[Excerpted records Boundary: Start]

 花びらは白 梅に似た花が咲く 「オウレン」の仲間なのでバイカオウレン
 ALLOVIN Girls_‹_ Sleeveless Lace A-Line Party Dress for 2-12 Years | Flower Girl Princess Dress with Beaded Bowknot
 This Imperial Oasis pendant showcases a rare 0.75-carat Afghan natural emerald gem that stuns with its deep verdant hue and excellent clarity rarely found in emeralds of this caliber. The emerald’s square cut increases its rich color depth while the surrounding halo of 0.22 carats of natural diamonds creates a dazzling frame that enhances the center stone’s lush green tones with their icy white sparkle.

[Excerpted records Boundary: End]
[Excerpted records Boundary: Start]

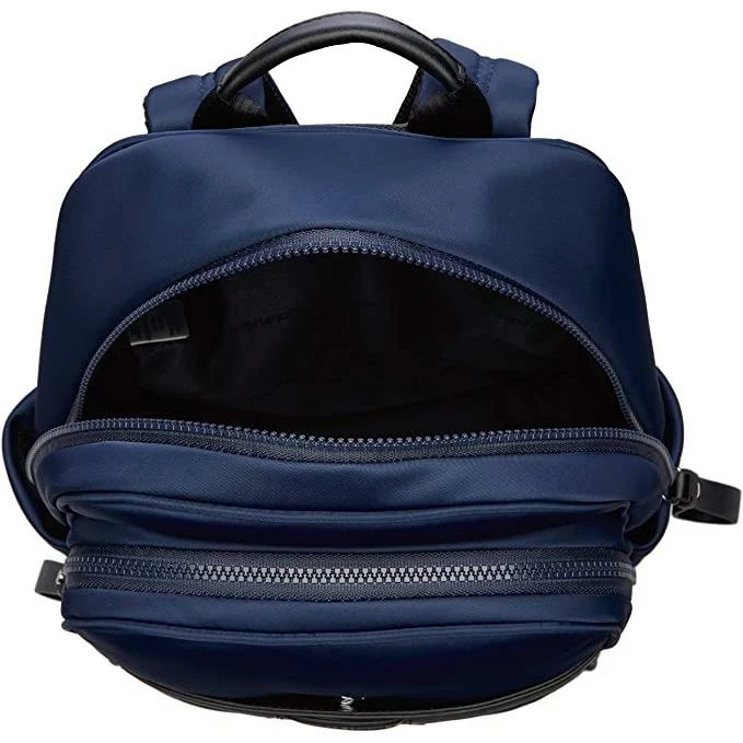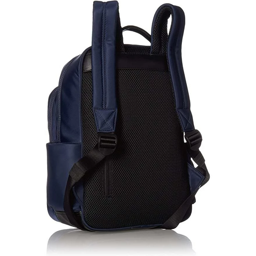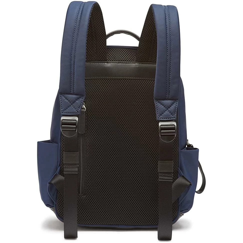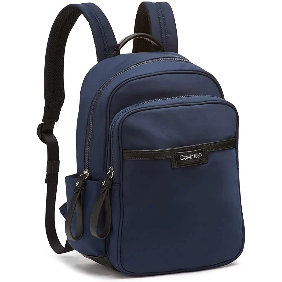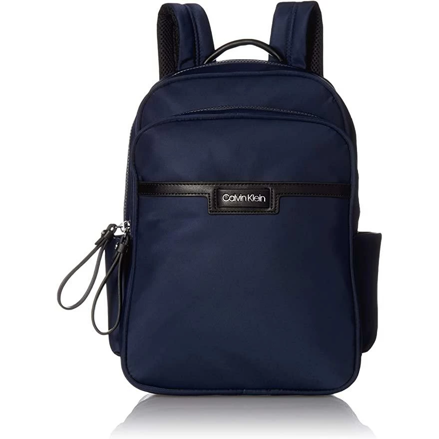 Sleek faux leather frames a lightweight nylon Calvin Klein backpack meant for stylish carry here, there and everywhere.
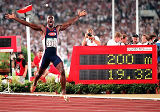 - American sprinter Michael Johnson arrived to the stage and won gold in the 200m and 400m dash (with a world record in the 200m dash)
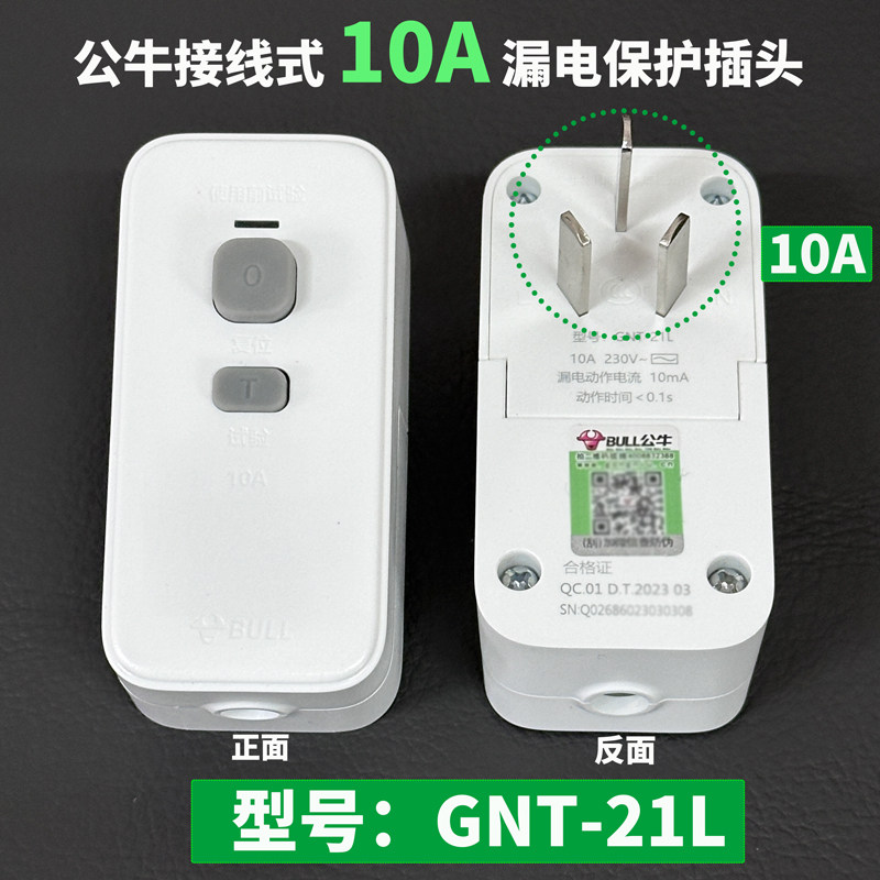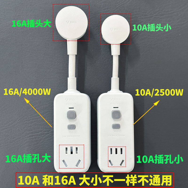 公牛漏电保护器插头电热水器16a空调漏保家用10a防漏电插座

[Excerpted records Boundary: End]

Please copy the lines above from the line with "花びらは白 梅に似た花が咲く 「オウレン」の仲間なのでバイカオウレン" up to and including the line with "This Imperial Oasis", exactly as written and with nothing else.

 花びらは白 梅に似た花が咲く 「オウレン」の仲間なのでバイカオウレン
 ALLOVIN Girls_‹_ Sleeveless Lace A-Line Party Dress for 2-12 Years | Flower Girl Princess Dress with Beaded Bowknot
 This Imperial Oasis pendant showcases a rare 0.75-carat Afghan natural emerald gem that stuns with its deep verdant hue and excellent clarity rarely found in emeralds of this caliber. The emerald’s square cut increases its rich color depth while the surrounding halo of 0.22 carats of natural diamonds creates a dazzling frame that enhances the center stone’s lush green tones with their icy white sparkle.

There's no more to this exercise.